Studying for exams was an extraordinarily rigorous activity so he engaged in Buddhist meditation as a form of relaxation, an unusual leisure activity for a Chinese scholar of his time. It was during one of these meditations that he had a mystical vision that became the theme for his intellectual pursuits throughout his life. Believing that it was possible to read every book and "become a sage", he embarked on a quasi-messianic pursuit to save humanity.

Kang called for an end to property and the family in the interest of an idealized future cosmopolitan utopia and cited Confucius as an example of a reformer and not as a reactionary, as many of his contemporaries did. In his work A Study of Confucius as a Reformer of Institutions, he discussed the latter point in great detail. He argued, to bolster his claims, that the rediscovered versions of the Confucian classics were forged; he expounded this idea in detail in A Study of the Forged Classics of the Xin Period.
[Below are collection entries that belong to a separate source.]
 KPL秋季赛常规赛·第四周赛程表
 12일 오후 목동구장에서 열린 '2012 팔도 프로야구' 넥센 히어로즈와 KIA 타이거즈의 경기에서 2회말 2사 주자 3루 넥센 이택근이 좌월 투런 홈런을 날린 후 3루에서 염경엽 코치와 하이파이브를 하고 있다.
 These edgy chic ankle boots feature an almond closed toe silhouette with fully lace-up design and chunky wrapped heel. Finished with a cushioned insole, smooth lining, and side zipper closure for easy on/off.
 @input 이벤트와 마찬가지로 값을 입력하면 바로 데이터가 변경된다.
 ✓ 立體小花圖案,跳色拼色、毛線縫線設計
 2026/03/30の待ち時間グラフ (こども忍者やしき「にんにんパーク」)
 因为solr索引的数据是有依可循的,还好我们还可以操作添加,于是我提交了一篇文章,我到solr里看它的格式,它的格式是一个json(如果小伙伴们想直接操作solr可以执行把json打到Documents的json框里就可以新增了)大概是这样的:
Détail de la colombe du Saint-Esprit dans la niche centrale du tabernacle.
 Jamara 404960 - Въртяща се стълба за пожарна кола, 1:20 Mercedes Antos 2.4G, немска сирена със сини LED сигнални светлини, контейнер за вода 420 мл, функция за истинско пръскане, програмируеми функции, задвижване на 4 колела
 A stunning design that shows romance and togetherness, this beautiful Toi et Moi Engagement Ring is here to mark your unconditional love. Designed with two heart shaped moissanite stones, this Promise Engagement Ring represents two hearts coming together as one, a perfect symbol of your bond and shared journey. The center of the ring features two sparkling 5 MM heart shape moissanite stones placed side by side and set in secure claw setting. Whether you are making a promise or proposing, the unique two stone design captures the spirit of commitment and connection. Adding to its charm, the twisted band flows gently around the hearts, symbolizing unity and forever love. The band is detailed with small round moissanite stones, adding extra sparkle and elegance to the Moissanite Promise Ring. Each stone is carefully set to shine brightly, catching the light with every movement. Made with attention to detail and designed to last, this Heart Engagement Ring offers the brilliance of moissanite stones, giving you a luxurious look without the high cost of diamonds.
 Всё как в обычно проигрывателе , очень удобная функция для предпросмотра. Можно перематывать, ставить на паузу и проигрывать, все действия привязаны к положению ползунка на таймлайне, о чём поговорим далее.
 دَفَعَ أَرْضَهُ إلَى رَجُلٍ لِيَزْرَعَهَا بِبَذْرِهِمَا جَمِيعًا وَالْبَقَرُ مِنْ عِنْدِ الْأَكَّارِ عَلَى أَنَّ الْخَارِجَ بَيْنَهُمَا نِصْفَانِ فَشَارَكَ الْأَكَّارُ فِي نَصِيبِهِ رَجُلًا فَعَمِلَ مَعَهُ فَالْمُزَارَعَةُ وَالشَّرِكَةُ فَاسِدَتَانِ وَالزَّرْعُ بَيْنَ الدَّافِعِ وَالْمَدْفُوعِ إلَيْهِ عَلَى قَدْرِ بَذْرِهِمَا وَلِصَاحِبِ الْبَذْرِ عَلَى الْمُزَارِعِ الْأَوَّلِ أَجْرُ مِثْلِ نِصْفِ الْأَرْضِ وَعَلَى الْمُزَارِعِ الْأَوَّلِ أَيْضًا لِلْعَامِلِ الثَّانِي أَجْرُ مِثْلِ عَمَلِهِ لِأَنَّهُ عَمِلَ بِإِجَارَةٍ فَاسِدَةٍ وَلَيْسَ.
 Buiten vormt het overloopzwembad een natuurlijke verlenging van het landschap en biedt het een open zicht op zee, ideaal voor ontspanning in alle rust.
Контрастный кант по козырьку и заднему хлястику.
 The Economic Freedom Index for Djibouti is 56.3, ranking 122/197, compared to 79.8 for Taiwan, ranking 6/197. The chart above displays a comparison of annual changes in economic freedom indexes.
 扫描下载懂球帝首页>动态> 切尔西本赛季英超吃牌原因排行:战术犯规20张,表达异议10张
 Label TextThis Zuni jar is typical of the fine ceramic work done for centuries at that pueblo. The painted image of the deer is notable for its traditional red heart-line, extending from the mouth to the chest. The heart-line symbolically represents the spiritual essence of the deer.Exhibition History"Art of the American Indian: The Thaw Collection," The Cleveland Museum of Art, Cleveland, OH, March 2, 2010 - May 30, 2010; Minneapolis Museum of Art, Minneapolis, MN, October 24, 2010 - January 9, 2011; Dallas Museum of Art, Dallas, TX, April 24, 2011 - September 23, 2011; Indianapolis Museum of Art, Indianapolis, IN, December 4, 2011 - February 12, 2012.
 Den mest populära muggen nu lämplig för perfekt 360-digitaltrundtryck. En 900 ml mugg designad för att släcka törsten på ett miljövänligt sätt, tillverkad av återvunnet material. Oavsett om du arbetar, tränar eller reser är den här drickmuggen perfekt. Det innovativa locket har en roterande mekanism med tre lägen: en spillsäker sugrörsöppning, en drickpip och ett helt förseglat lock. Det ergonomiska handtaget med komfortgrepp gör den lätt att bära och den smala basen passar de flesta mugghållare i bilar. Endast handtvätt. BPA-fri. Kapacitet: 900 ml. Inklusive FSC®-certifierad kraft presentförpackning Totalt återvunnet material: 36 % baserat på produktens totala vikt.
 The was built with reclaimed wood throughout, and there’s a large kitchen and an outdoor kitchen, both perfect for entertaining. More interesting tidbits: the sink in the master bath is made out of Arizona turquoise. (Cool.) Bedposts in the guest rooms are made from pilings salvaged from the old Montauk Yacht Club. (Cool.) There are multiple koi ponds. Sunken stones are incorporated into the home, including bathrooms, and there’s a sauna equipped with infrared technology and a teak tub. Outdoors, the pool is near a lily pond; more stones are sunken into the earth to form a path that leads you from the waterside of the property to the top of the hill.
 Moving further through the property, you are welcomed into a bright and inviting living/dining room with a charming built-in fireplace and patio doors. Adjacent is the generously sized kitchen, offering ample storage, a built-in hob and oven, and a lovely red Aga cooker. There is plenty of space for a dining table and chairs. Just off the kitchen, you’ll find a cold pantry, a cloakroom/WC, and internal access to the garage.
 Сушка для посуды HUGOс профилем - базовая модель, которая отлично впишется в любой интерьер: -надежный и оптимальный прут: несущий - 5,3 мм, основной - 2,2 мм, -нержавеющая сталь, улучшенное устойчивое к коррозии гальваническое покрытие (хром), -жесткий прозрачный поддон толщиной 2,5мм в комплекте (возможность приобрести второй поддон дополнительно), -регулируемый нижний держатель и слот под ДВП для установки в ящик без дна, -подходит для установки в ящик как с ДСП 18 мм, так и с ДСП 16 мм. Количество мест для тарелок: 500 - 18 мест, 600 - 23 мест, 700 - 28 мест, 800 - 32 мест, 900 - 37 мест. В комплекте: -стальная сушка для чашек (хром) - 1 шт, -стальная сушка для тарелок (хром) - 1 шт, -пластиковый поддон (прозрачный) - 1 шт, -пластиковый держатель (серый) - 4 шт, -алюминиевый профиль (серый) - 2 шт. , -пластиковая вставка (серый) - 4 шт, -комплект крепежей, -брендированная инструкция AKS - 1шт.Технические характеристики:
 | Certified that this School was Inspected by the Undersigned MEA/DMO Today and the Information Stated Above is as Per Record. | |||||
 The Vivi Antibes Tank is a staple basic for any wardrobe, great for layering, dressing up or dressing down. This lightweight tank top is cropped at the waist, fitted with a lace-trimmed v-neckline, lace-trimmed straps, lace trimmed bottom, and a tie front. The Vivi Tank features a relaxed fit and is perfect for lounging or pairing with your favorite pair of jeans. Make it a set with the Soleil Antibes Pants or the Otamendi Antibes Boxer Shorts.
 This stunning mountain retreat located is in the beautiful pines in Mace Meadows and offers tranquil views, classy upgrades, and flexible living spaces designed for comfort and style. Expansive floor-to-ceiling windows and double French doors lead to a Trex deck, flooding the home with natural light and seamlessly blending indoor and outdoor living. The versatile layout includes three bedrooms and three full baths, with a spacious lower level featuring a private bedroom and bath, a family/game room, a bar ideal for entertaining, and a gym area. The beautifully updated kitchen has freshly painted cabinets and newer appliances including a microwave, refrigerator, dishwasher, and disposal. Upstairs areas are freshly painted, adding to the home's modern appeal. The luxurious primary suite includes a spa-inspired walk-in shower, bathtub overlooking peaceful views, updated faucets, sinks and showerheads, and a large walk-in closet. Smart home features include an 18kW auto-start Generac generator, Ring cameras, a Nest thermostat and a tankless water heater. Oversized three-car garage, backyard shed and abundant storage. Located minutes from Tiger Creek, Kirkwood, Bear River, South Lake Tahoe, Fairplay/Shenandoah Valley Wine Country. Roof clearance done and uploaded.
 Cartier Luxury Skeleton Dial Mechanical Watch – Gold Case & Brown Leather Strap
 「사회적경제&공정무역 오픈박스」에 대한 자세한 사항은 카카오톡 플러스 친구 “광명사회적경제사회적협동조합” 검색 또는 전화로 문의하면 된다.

In 1879, Kang traveled to Hong Kong and was shocked by the prosperity there, which started his interest in Western culture and thoughts. In 1882, Kang went to Beijing to take the imperial examination. While returning home, he stopped over in Shanghai and bought many Western books there, and started developing his ideology based on these writings. He was influenced by Protestant Christianity in his quest for reform.

In 1883, Kang founded the Anti-Footbinding Society near Canton.

Kang Youwei launched the Qiangxue hui ("Society for the Study of National Strengthening") in Beijing. It was the first political group established by reformists in China. Through it, Kang became acquainted with Governor-General Zhang Zhidong and received his financial support to inaugurate the Qiangxue bao ("Journal of the Society for the Study of the National Strengthening") in January 1896. In the same month, the society was dissolved and the journal had to cease publication.

Kang was a strong believer in constitutional monarchy and wanted to remodel the country after Meiji Japan. These ideas angered his colleagues in the scholarly class who regarded him as a heretic.